Protein Powders Vs The High Protein Diet

Protein is everywhere from powdered shakes, bars, to energy drinks, even the common everyday food brands are making high protein versions of their product like Mars Protein, it has become a multi million dollar industry and part of the 21-century fitness culture. But why the hype and popularity? Are there health risks from taking too much protein? How much is too much? And what is best for building muscle: protein powders Vs a healthy diet high in natural proteins?

How Protein Works

When we digest and absorb protein, it is broken down into its Amino acids, and those amino acids will do two things:
1) Stimulate the muscle to grow.
2) Provide building blocks to be incorporated into the muscle to build new muscle tissue.¬†Athletes or anyone in training require a little more protein, the best way to increase your protein intake is by food not supplement however supplements can be a convenience if you’re not able to increase by food intake.

Can Protein Be Dangerous?

No, but it can be possible for it to affect your kidneys if misused, never exceed the label advised amount of supplement per serving.
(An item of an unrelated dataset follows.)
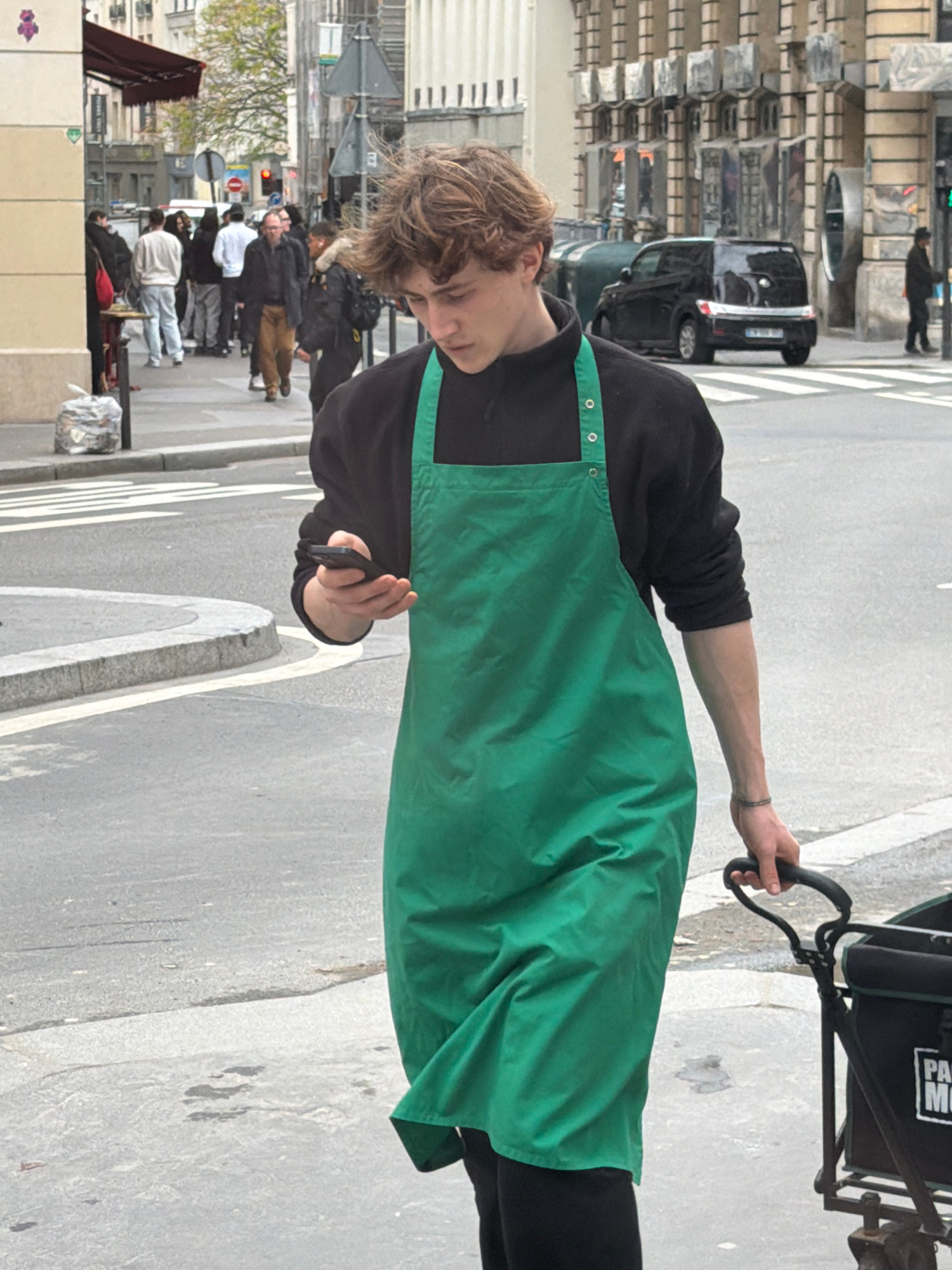 A young adult wearing a Starbucks apron is walking on a sidewalk in Paris, France. The individual is looking at a phone in their hand and holding the handle of a black cart. In the background, there a…read more
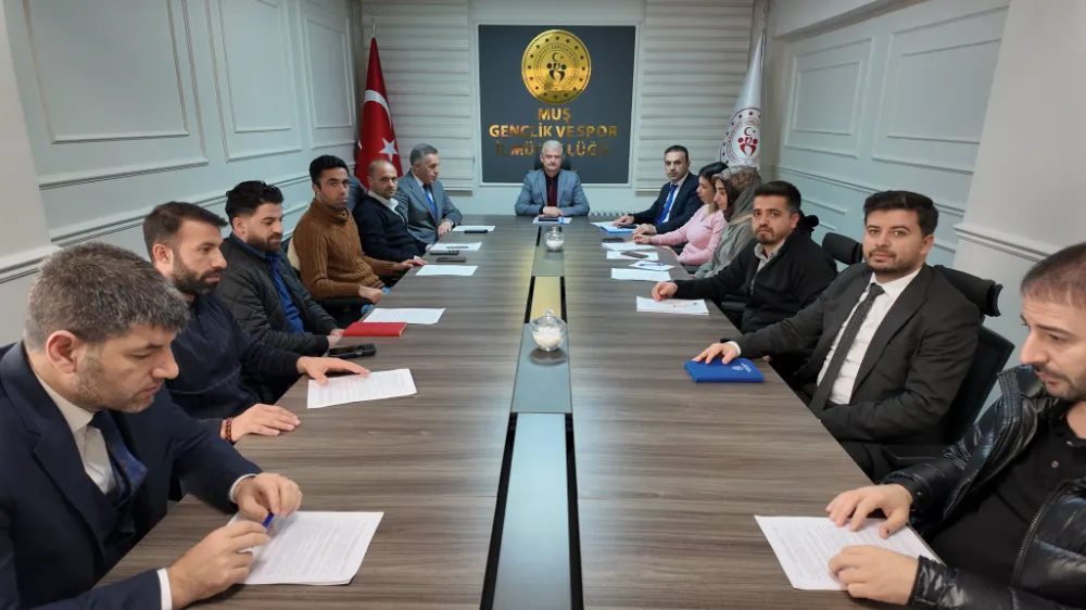 Muş Gençlik ve Spor İl Müdürlüğü’ne bağlı yurtlarda Ramazan ayı ve 2025-2026 eğitim öğretim yılının ikinci dönemi öncesinde sunulan hizmetlerin niteliğini artırmaya yönelik “Planlama ve Değerlendirme” toplantısı gerçekleştirildi. İl Müdürü Yusuf Kılıç başkanlığında yapılan toplantıda, yurtlarda faaliyet gösteren lokanta ve kantin işletmecileriyle bir araya gelinerek mevcut uygulamalar ele alındı, yeni dönem öncesi yapılacak düzenlemeler değerlendirildi.

Recently the BBC did a study on a young male for six weeks; they replaced his protein supplement intake for food based protein only. His previous protein supplement diet consisted of daily intakes of 60grams of protein powder in the morning and one after his workout at the gym in all he took 120grams of protein powder a day in shakes; he also ate between 4 to 5 meals a day with his protein shakes.

After his six week period of only natural food based proteins, working out in the gym and spreading his meals evenly throughout the day; he gained 1kg of muscle; increasing his lean muscle mass by a kilo. Switching his shakes to a food first approach getting the protein naturally from food instead of shakes, the participant increased his metabolic rate by 100 kilocalories a day.

(The reason behind the hype of a high protein diet is to enhance your metabolic rate burning more calories at rest)

Weight Training and Protein

Weight training at a professional level requires more protein as your body is in demand for it for a faster recovery. While off season bulking try putting as much size on as possible, we suggest your food intake 5000 to 6000 calories a day, 500 to 600 carbs a day and 250 to 300 grams of protein a day.

A lot of food is needed to put the size of muscle on, but the amount of protein required to put the size on isn’t possible to just get from food, supplementation is a requirement.

Supplementing Protein Isn’t All Bad

Supplements can be helpful and do work but you need to use them along side the key foods, the downfall is that many people do use protein supplements as a substitute for food, not a supplement. If you’re taking it too much or not at the right time, you may be wasting your money.

Food is the best source of protein and supplements are a convenient source when used correctly.